[Items from a data source]
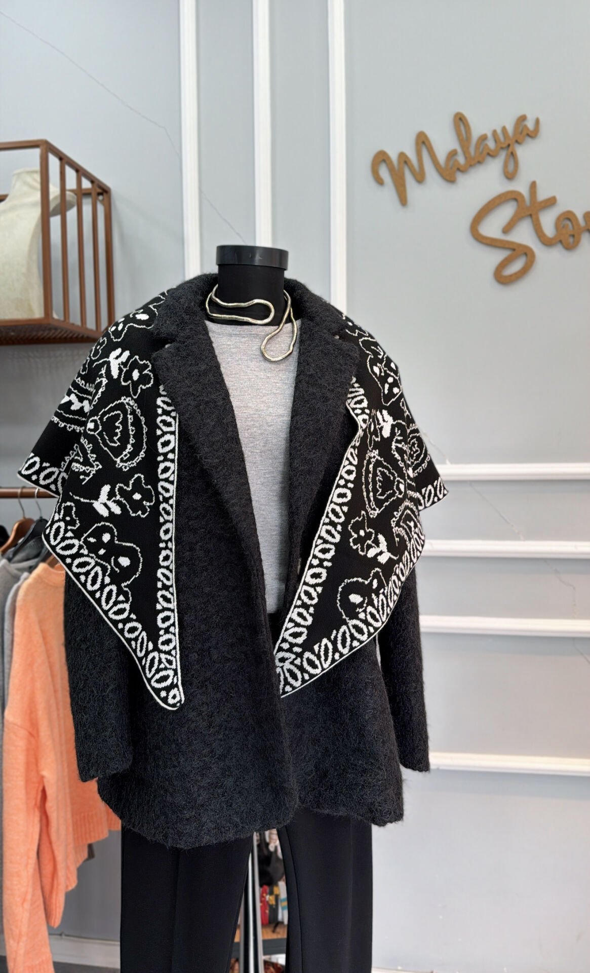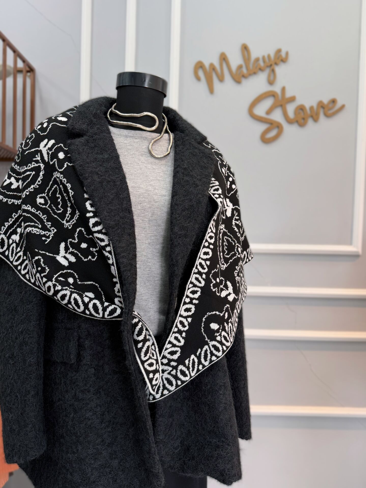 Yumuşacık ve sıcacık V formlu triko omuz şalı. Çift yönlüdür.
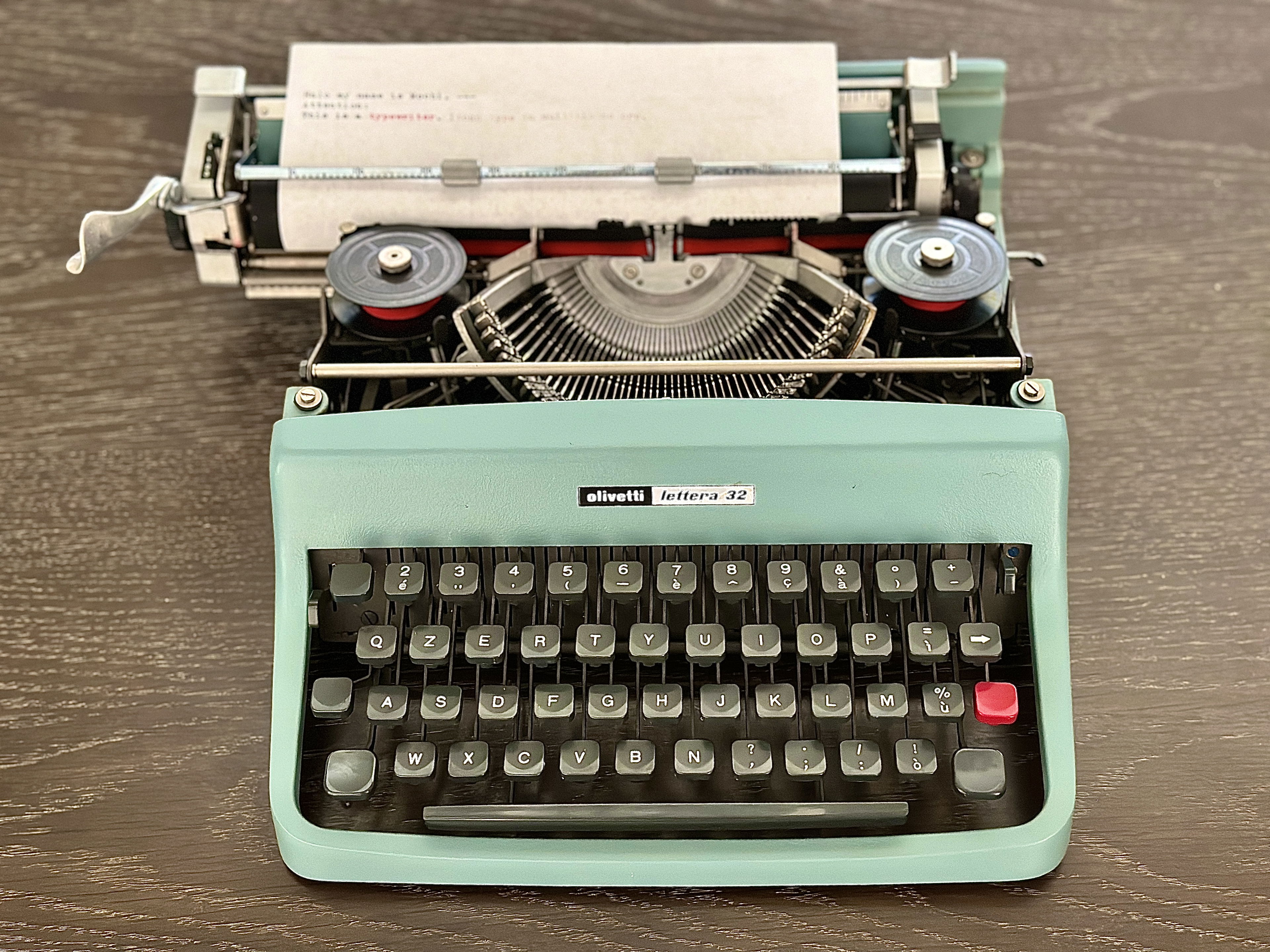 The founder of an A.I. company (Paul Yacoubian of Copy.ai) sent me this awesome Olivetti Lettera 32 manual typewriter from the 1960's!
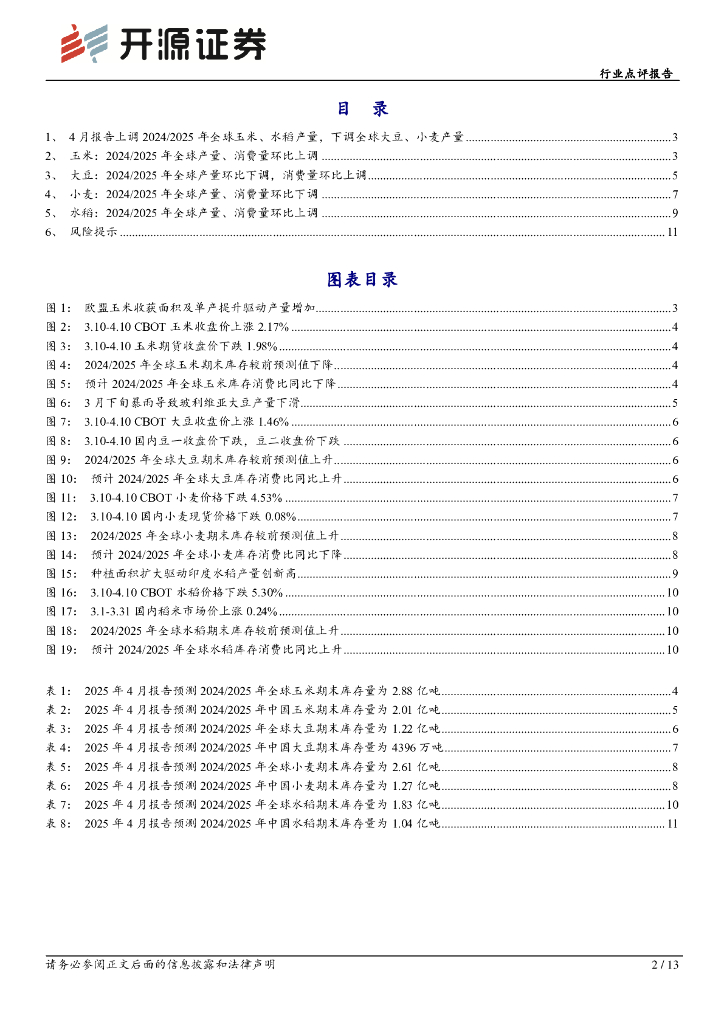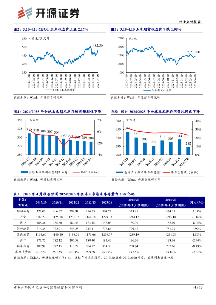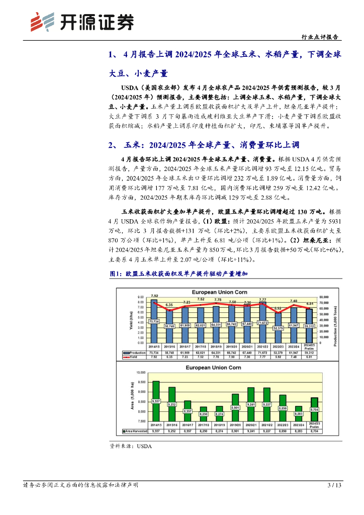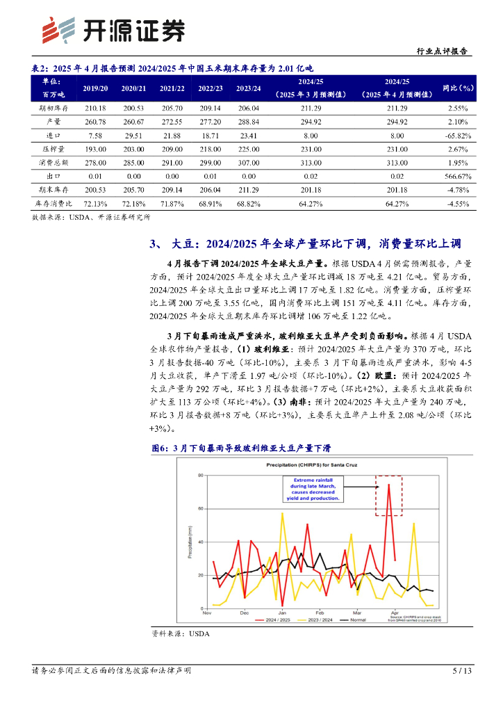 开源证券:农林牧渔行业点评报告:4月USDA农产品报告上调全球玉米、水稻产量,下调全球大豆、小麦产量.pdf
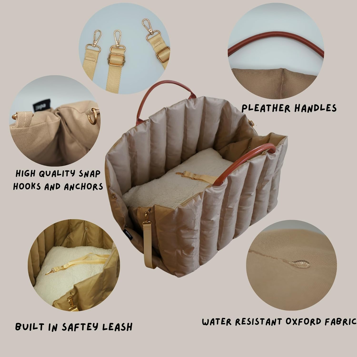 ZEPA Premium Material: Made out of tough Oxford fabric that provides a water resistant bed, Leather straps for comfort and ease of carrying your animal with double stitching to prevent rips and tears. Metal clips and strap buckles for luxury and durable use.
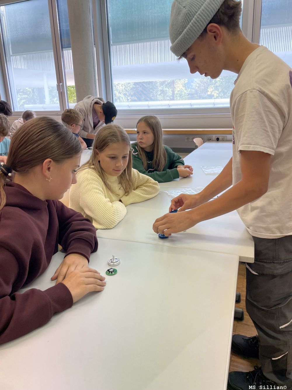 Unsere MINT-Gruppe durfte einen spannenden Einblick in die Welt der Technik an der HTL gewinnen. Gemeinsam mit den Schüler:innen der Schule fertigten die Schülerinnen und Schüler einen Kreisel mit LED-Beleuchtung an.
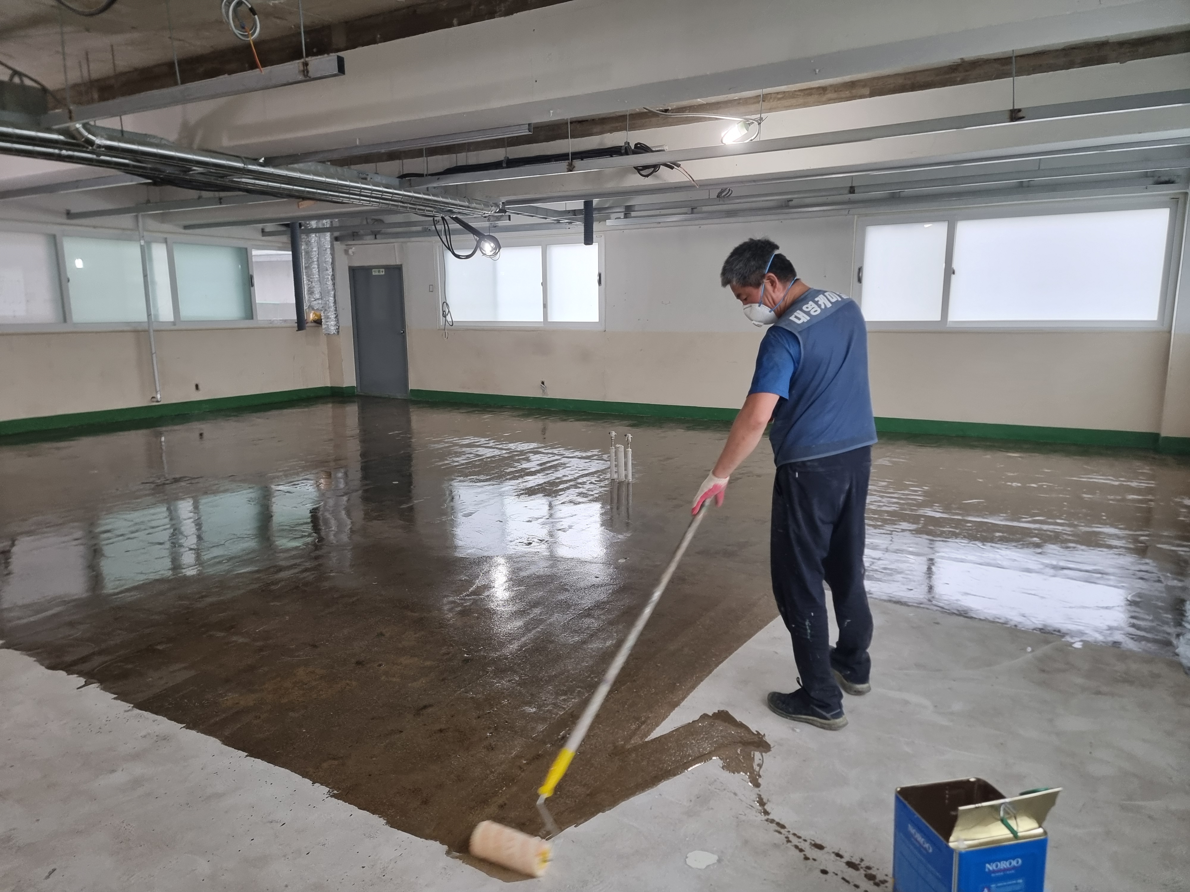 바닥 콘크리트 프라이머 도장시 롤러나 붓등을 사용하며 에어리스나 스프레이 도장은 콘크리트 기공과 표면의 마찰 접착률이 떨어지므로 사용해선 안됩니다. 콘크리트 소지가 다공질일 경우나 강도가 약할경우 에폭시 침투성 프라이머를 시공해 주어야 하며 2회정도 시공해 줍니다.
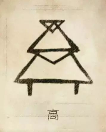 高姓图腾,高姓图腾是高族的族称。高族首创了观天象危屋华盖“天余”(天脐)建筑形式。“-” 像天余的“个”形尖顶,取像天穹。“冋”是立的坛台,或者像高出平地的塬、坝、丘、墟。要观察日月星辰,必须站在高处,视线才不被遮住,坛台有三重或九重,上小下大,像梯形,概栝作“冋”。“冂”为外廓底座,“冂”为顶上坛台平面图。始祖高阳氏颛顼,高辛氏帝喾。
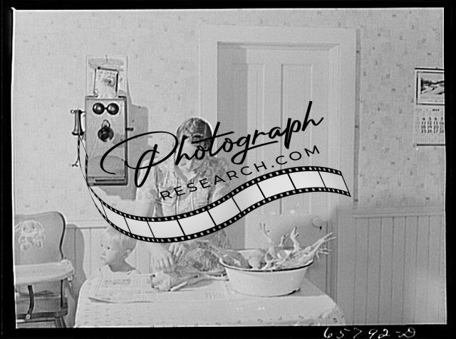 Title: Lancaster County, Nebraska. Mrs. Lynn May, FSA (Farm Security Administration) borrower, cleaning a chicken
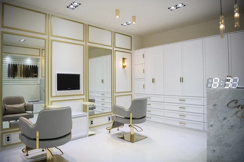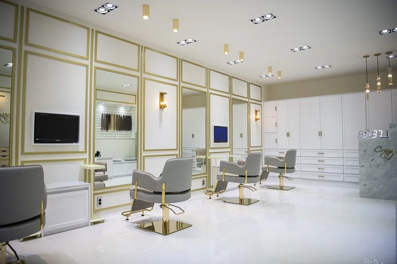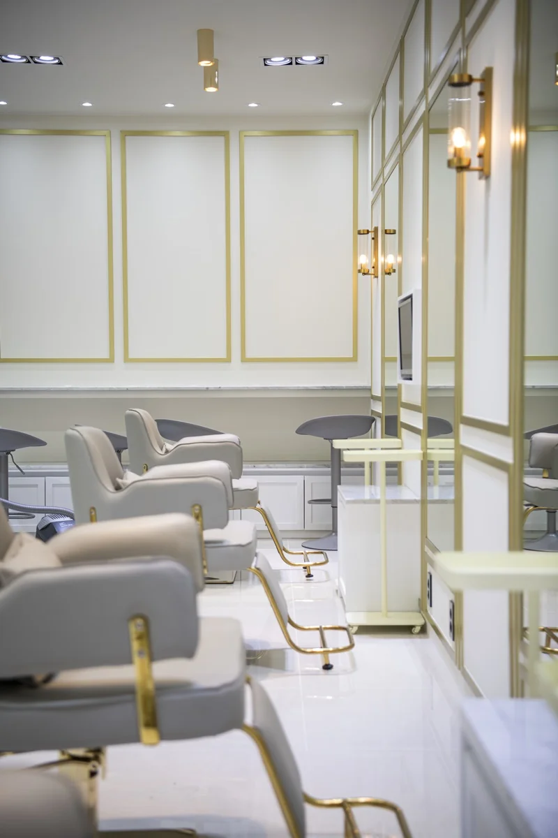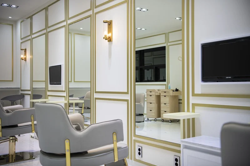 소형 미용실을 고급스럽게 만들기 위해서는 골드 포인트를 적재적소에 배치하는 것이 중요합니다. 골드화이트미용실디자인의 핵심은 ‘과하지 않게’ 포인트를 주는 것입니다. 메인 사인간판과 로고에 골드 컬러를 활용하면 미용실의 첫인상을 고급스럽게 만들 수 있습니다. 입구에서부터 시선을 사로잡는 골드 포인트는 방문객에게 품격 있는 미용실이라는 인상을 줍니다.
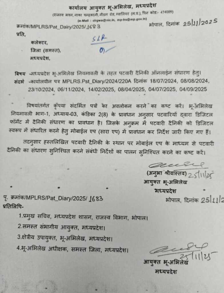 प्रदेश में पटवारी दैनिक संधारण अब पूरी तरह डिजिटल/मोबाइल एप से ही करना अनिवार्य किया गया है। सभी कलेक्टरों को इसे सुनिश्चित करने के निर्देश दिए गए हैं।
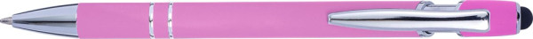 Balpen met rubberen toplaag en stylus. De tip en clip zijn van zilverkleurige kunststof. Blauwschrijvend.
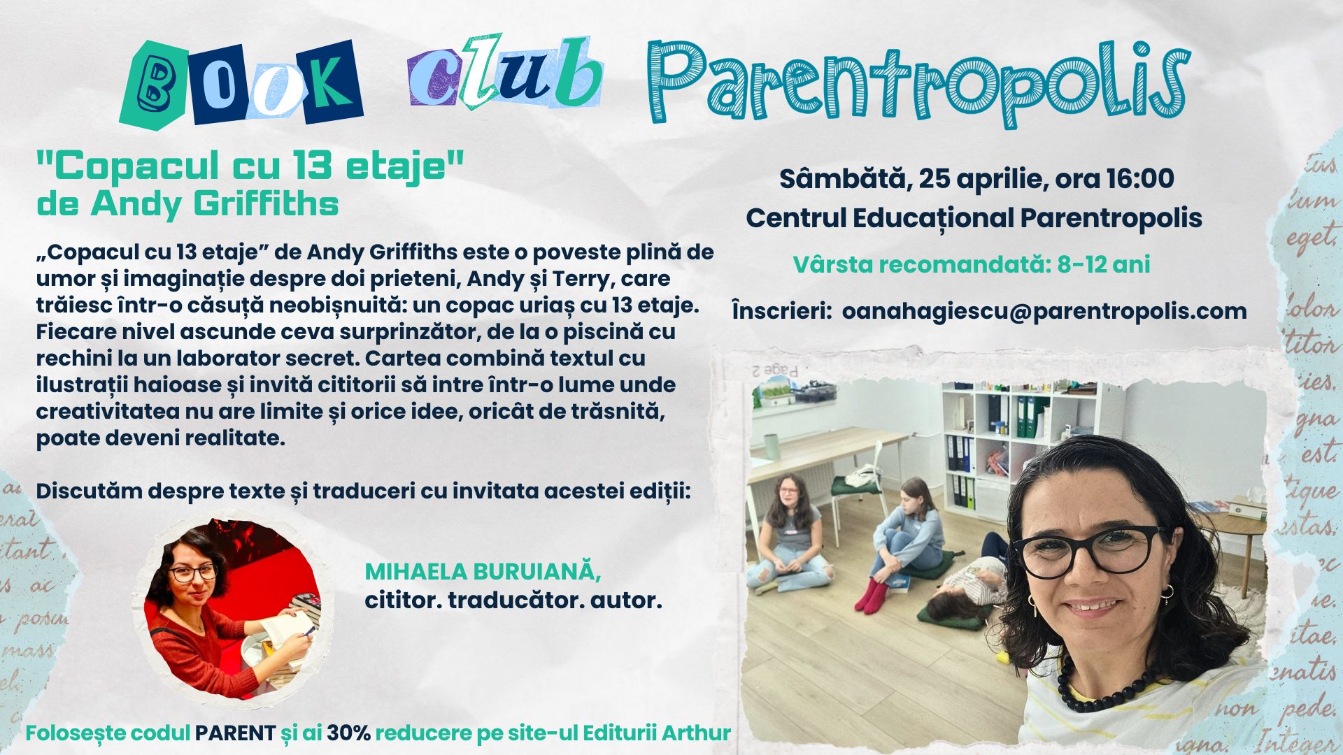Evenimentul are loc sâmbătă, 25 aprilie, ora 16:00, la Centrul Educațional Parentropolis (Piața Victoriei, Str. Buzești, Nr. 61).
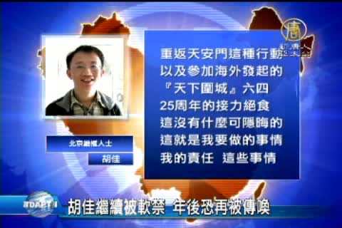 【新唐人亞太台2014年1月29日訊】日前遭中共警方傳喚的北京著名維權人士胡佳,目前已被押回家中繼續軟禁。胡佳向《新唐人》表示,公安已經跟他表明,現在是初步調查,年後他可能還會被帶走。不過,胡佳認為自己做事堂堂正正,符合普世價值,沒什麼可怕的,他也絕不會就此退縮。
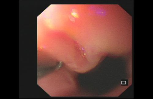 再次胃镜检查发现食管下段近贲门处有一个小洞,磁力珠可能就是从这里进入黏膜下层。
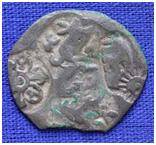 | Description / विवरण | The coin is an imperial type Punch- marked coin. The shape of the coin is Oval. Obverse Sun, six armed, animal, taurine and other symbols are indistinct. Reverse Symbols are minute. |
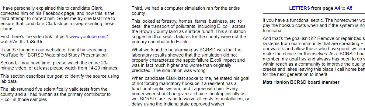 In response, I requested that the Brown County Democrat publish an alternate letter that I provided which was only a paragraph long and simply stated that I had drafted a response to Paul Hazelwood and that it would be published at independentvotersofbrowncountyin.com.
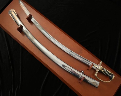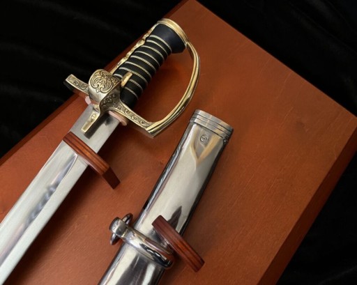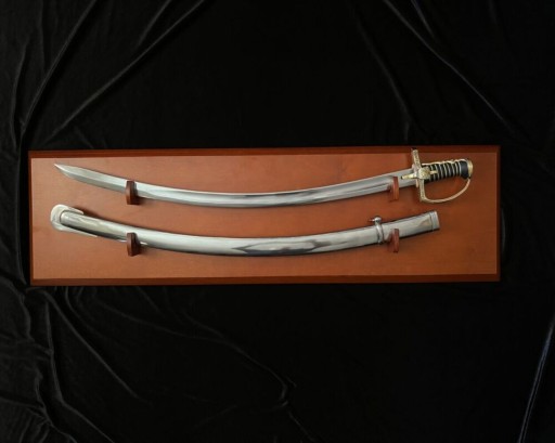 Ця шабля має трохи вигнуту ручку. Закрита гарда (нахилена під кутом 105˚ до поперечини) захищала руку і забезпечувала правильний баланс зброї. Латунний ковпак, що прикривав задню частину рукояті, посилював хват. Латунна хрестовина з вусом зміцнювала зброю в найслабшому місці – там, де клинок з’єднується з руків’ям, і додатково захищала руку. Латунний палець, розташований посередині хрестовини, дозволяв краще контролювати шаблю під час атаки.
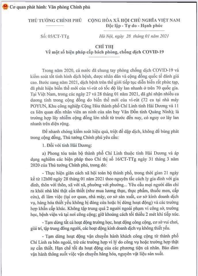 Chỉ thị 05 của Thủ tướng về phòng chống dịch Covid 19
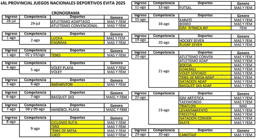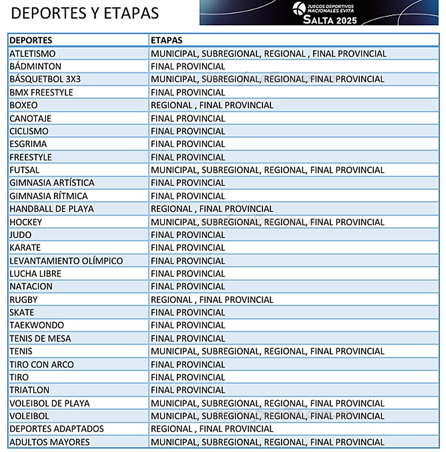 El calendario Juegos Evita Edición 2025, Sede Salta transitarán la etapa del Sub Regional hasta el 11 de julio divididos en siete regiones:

# [EXERCISE DETAILS]
Omit all pictures while transcribing the entries verbatim.

# [ANSWER SECTION]
 Yumuşacık ve sıcacık V formlu triko omuz şalı. Çift yönlüdür.
 The founder of an A.I. company (Paul Yacoubian of Copy.ai) sent me this awesome Olivetti Lettera 32 manual typewriter from the 1960's!
 开源证券:农林牧渔行业点评报告:4月USDA农产品报告上调全球玉米、水稻产量,下调全球大豆、小麦产量.pdf
 ZEPA Premium Material: Made out of tough Oxford fabric that provides a water resistant bed, Leather straps for comfort and ease of carrying your animal with double stitching to prevent rips and tears. Metal clips and strap buckles for luxury and durable use.
 Unsere MINT-Gruppe durfte einen spannenden Einblick in die Welt der Technik an der HTL gewinnen. Gemeinsam mit den Schüler:innen der Schule fertigten die Schülerinnen und Schüler einen Kreisel mit LED-Beleuchtung an.
 바닥 콘크리트 프라이머 도장시 롤러나 붓등을 사용하며 에어리스나 스프레이 도장은 콘크리트 기공과 표면의 마찰 접착률이 떨어지므로 사용해선 안됩니다. 콘크리트 소지가 다공질일 경우나 강도가 약할경우 에폭시 침투성 프라이머를 시공해 주어야 하며 2회정도 시공해 줍니다.
 高姓图腾,高姓图腾是高族的族称。高族首创了观天象危屋华盖“天余”(天脐)建筑形式。“-” 像天余的“个”形尖顶,取像天穹。“冋”是立的坛台,或者像高出平地的塬、坝、丘、墟。要观察日月星辰,必须站在高处,视线才不被遮住,坛台有三重或九重,上小下大,像梯形,概栝作“冋”。“冂”为外廓底座,“冂”为顶上坛台平面图。始祖高阳氏颛顼,高辛氏帝喾。
 Title: Lancaster County, Nebraska. Mrs. Lynn May, FSA (Farm Security Administration) borrower, cleaning a chicken
 소형 미용실을 고급스럽게 만들기 위해서는 골드 포인트를 적재적소에 배치하는 것이 중요합니다. 골드화이트미용실디자인의 핵심은 ‘과하지 않게’ 포인트를 주는 것입니다. 메인 사인간판과 로고에 골드 컬러를 활용하면 미용실의 첫인상을 고급스럽게 만들 수 있습니다. 입구에서부터 시선을 사로잡는 골드 포인트는 방문객에게 품격 있는 미용실이라는 인상을 줍니다.
 प्रदेश में पटवारी दैनिक संधारण अब पूरी तरह डिजिटल/मोबाइल एप से ही करना अनिवार्य किया गया है। सभी कलेक्टरों को इसे सुनिश्चित करने के निर्देश दिए गए हैं।
 Balpen met rubberen toplaag en stylus. De tip en clip zijn van zilverkleurige kunststof. Blauwschrijvend.
Evenimentul are loc sâmbătă, 25 aprilie, ora 16:00, la Centrul Educațional Parentropolis (Piața Victoriei, Str. Buzești, Nr. 61).
 【新唐人亞太台2014年1月29日訊】日前遭中共警方傳喚的北京著名維權人士胡佳,目前已被押回家中繼續軟禁。胡佳向《新唐人》表示,公安已經跟他表明,現在是初步調查,年後他可能還會被帶走。不過,胡佳認為自己做事堂堂正正,符合普世價值,沒什麼可怕的,他也絕不會就此退縮。
 再次胃镜检查发现食管下段近贲门处有一个小洞,磁力珠可能就是从这里进入黏膜下层。
 | Description / विवरण | The coin is an imperial type Punch- marked coin. The shape of the coin is Oval. Obverse Sun, six armed, animal, taurine and other symbols are indistinct. Reverse Symbols are minute. |
 In response, I requested that the Brown County Democrat publish an alternate letter that I provided which was only a paragraph long and simply stated that I had drafted a response to Paul Hazelwood and that it would be published at independentvotersofbrowncountyin.com.
 Ця шабля має трохи вигнуту ручку. Закрита гарда (нахилена під кутом 105˚ до поперечини) захищала руку і забезпечувала правильний баланс зброї. Латунний ковпак, що прикривав задню частину рукояті, посилював хват. Латунна хрестовина з вусом зміцнювала зброю в найслабшому місці – там, де клинок з’єднується з руків’ям, і додатково захищала руку. Латунний палець, розташований посередині хрестовини, дозволяв краще контролювати шаблю під час атаки.
 Chỉ thị 05 của Thủ tướng về phòng chống dịch Covid 19
 El calendario Juegos Evita Edición 2025, Sede Salta transitarán la etapa del Sub Regional hasta el 11 de julio divididos en siete regiones:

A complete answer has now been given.